Ignoring every picture, return the lines of the listing below word for word, from the line that holds "為確保2021年五一勞動(d" through the line that holds "其他七大类价格同比均上涨。其".

═══ Input ═══

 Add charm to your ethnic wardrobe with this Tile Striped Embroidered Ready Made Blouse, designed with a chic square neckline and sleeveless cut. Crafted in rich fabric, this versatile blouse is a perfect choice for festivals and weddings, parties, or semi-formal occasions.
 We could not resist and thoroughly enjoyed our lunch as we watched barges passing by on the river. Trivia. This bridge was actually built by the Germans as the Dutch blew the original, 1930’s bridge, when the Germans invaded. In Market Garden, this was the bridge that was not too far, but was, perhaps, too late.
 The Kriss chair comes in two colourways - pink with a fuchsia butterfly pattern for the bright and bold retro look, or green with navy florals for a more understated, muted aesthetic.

═══
═══ Input ═══

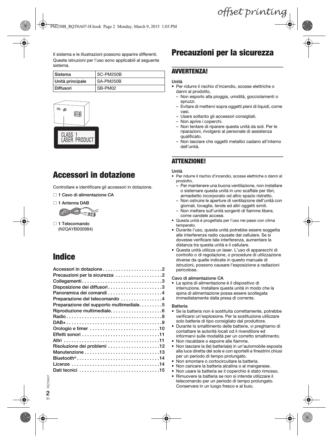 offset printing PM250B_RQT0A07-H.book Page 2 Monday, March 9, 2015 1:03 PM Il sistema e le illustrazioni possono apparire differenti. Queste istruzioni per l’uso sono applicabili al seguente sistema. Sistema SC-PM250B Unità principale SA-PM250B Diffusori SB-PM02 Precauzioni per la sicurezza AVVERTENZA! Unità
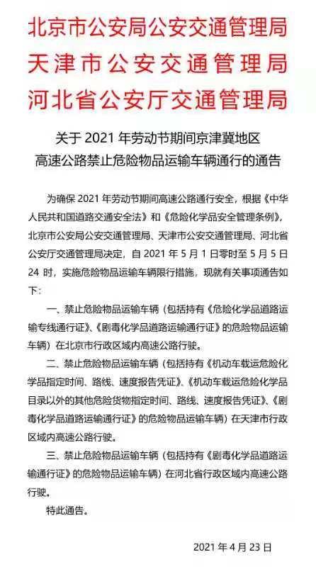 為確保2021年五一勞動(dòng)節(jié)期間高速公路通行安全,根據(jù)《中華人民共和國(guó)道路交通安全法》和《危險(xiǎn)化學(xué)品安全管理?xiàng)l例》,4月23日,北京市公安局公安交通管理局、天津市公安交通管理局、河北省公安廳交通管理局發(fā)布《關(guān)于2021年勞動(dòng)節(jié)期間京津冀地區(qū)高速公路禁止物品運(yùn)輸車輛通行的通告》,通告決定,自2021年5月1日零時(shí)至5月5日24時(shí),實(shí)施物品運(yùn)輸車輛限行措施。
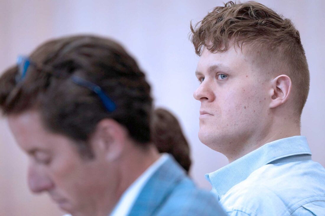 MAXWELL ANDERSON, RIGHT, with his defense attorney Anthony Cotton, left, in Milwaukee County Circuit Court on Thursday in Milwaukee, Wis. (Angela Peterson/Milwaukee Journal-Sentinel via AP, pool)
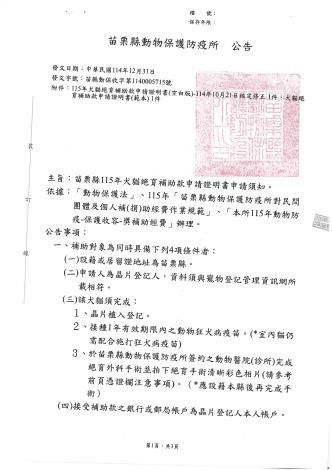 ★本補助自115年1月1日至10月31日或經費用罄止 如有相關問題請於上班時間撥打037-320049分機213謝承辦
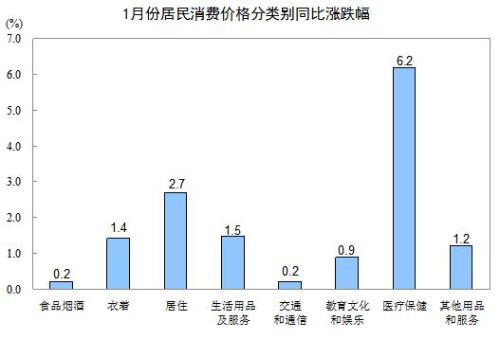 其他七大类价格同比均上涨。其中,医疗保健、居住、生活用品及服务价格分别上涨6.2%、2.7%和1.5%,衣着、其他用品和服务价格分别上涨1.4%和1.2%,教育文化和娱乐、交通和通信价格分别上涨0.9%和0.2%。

═══

Solution:
 為確保2021年五一勞動(dòng)節(jié)期間高速公路通行安全,根據(jù)《中華人民共和國(guó)道路交通安全法》和《危險(xiǎn)化學(xué)品安全管理?xiàng)l例》,4月23日,北京市公安局公安交通管理局、天津市公安交通管理局、河北省公安廳交通管理局發(fā)布《關(guān)于2021年勞動(dòng)節(jié)期間京津冀地區(qū)高速公路禁止物品運(yùn)輸車輛通行的通告》,通告決定,自2021年5月1日零時(shí)至5月5日24時(shí),實(shí)施物品運(yùn)輸車輛限行措施。
 MAXWELL ANDERSON, RIGHT, with his defense attorney Anthony Cotton, left, in Milwaukee County Circuit Court on Thursday in Milwaukee, Wis. (Angela Peterson/Milwaukee Journal-Sentinel via AP, pool)
 ★本補助自115年1月1日至10月31日或經費用罄止 如有相關問題請於上班時間撥打037-320049分機213謝承辦
 其他七大类价格同比均上涨。其中,医疗保健、居住、生活用品及服务价格分别上涨6.2%、2.7%和1.5%,衣着、其他用品和服务价格分别上涨1.4%和1.2%,教育文化和娱乐、交通和通信价格分别上涨0.9%和0.2%。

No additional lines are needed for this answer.